Handmade Dreams is an exhibition of contemporary costume jewellery inow on at the Czech Centre in Prague. On view, are pieces by some of the Czech Republic’s top fashion and costume jewellery manufacturers and designers.
I spoke to curator Petr Nový of the Museum of Glass and Jewellery in Jablonec nad Nisou. The first thing I asked was how it was that Jablonec, historically, had become so central to the jewellery-making business.
“It is still a mystery: why, concretely, Jablonec nad Nisou. Why did this place become, in the past, the biggest centre for jewellery-making in the world in the 19th century? The roots go back further, and roles were probably played by fortune, by Nature and by close and long-established routes to neighbouring Germany. Production really came to a head in the 1860s: at this point many businessmen were travelling to Jablonec from Berlin, from Hamburg, London, to agree deals in this town.”
Ahead of the opening of Handmade Dream’s at the Czech Centre in Prague you mentioned that between the wars Czech jewellery was still one of the biggest export items from Czechoslovakia…
“Costume jewellery made up 11 percent of all of the country’s exports between the wars.”
“That’s right. Costume jewellery made up 11 percent of all of the country’s exports between the wars and the amazing thing was that on the world market 80 percent of costume jewellery was from Jablonec. Only 20 percent came from Venice, the US, England and Germany. So it was a very, very successful period and it is one of the reasons costume jewellery from Jablonec is still well-known and remains popular around the world. Today, though, the percentage of the global is five percent.”
What contributed to the decline? Did the communist period after 1948 have a negative impact?
“It wasn’t just the impact of communism; before that you had the stock market crash in 1929 and the Great Depression, there was the Second World War, and afterwards the greater competition from domestic producers in foreign markets: in Japan, in China and India. All those factors had an impact and saw the global market share go down.”
The terms ‘fashion jewellery’ and ‘costume jewellery’ are often used interchangeably: how is costume jewellery generally defined? Is it cheaper, not in terms of design, but in terms of materials used in ‘fine’ jewellery, not making use of real gemstones or rare metals?
“That is one definition, certainly. Costume jewellery is not as expensive but, on the other hand, you have pieces or collections made especially for fashion house like Jean Paul Gauthier, and then the line between costume jewellery and jewellery becomes more blurred, more uncertain. The difference of material is not the only factor and the division is perhaps similar to the line between, for example, glass design and glass art.”
If we turn to the exhibition, what was the main principle established, early on?
“Costume jewellery is not as expensive but you can also have pieces or collections made especially for fashion houses.”
“The first thing was design: for the quality and beauty of individual items to come across. Because Czech costume jewellery is exported worldwide there are pieces for the French market, for US customers and I think the overview will be very useful for visitors. The message is that jewellery from the Jablonec and the Czech Republic is colourful, varied, full of invention, not only traditional but moving forward. Designers are not copying just what came before in the 19th or early 20th century.”
There’s that expression to ‘push the envelope’, to expand what something can be. Seeing the exhibition, some of pieces had a classic and very refined feel, but there was also a great deal of original and striking ideas. Considering one of keywords of the show is handmade, is originality seen as important?
One striking aspect of the exhibition is the design of the display stands by Jakub Berdych: you have large black display cases which are evocative of spotlights used in Hollywood, or, one person suggested, targets. The cases are raised on tripod stands which can be turned, raised or lower or modified. I imagine there are practical implications, as this will be a travelling exhibition…
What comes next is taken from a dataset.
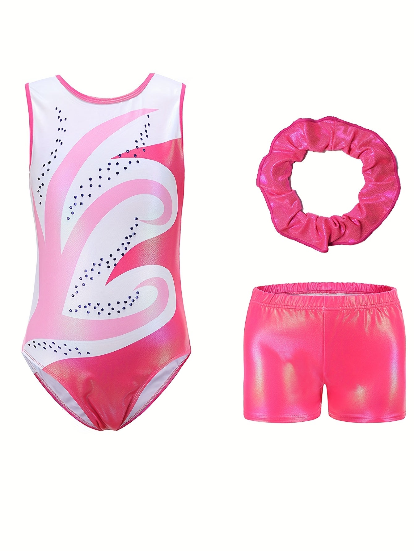 Girls' Sleeveless Gymnastics Leotard with Sparkling Blue & Purple Swirl Design + Light Blue Shorts & Hair Tie - Breathable Stretchy Fabric for Dance, Gymnastics, Christmas Parties, Gymnastics Attire, Sleek Fitted Design, Medi
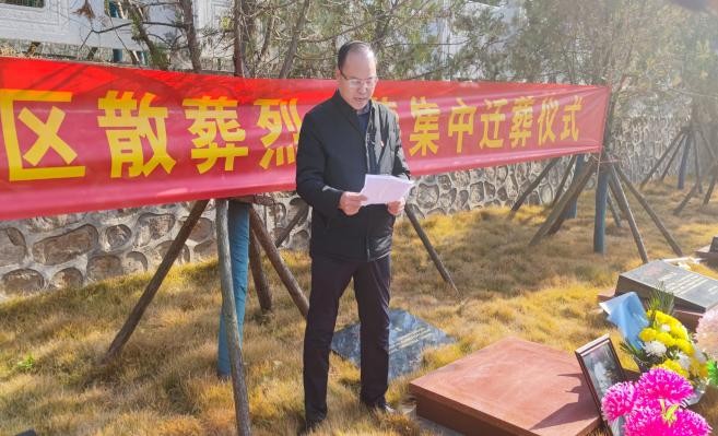 郭超同志在致辞中,对烈士家属表示诚挚的问候,并对他们理解、支持、配合烈士迁葬工作表示衷心的感谢。同时指出,在革命战争年代,无数革命者为民族独立、人民解放抛头颅、洒热血,献出了自己宝贵的生命,谱写了悲壮的青春华章,换来了我们今天来之不易的安定团结和幸福生活。张金桂、张金荣等烈士,有的长期潜伏从事党的地下工作,有的冒着枪林弹雨冲锋在浴血战场,在南阳解放前夕献出年轻的生命,他们的精神永远值得我们铭记,永远值得我们尊崇。下一步,退役军人事务部门将加强烈士纪念设施的修缮维护和管理,充分发挥英雄烈士纪念设施铭记历史、缅怀英烈、教育后人的红色阵地作用,进一步营造崇尚英烈、学习英烈、捍卫英烈的社会氛围,激励更多的人沿着烈士足迹砥砺前行。

“The idea of the mobile stands, from the very beginning was Jakub’s; my idea, as curator, was to show individual pieces, as opposed to large collections. And the two work together very well. The practical side in this kind installation is very important: there is no need for the items to be hung, no need for walls – the stands, can be set up anywhere depending on the room and also can be easily compactly packed for shipped by air or boat. That will be important when the show tours abroad. The stands are combine practicality and aesthetics. And there is a certain film-like glamour because of the film spotlights evoked.”
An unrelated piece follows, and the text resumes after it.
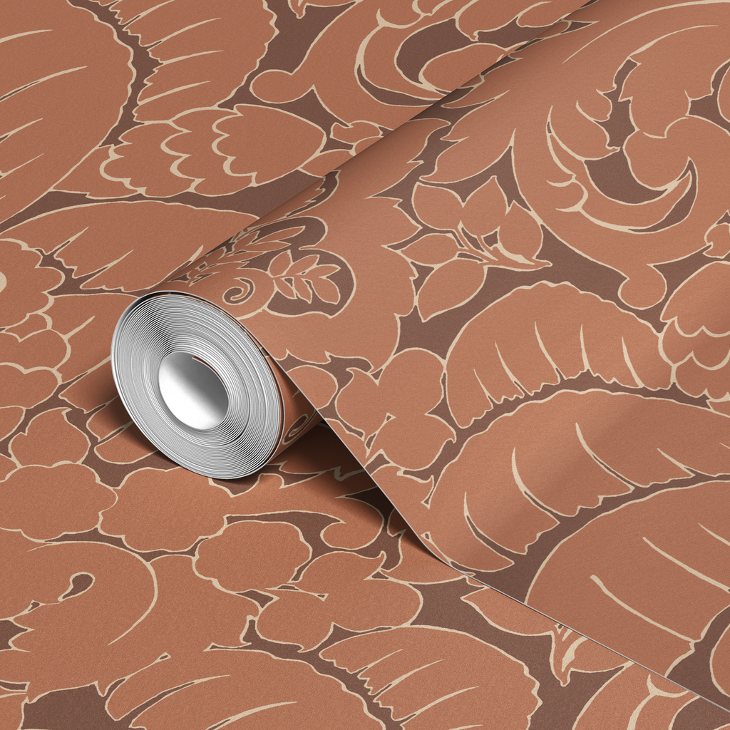 This intricate copper-toned floral pattern blends Art Nouveau curves with traditional damask elements, featuring layered botanical motifs and flowing organic forms in a rich terracotta palette.

“Big central pieces are popular right now, elements of Nature, and the translucent glass opaline is very much in fashion at the moment.”
There is a glamour to them… In terms of the companies represented in the show, there are top, really top firms… ate there any dominant trends right now, either in the mix of materials being used or dominant shapes?
“Very popular are imitations of natural products, also in the glass in the industry, also large or central pieces, big bubbles, some of them reminiscent of either the 1950s or 1970s. Opaline, a translucent white glass, is very popular right now.”
You said that every piece of jewellery has a story: are there any interesting stories connected with this exhibition?
“Some, certainly. One of the pieces on display was made specifically for the famous actress Sophia Loren, given to her a few years ago, another was made for a Saudi Arabian princess. Works by glassmaking and other design schools are very well worth mentioning and one piece this year, part of the Virus collection, was worn by Gabriela Gunčiková, who was a finalist at the recent Eurovision Song Contest.”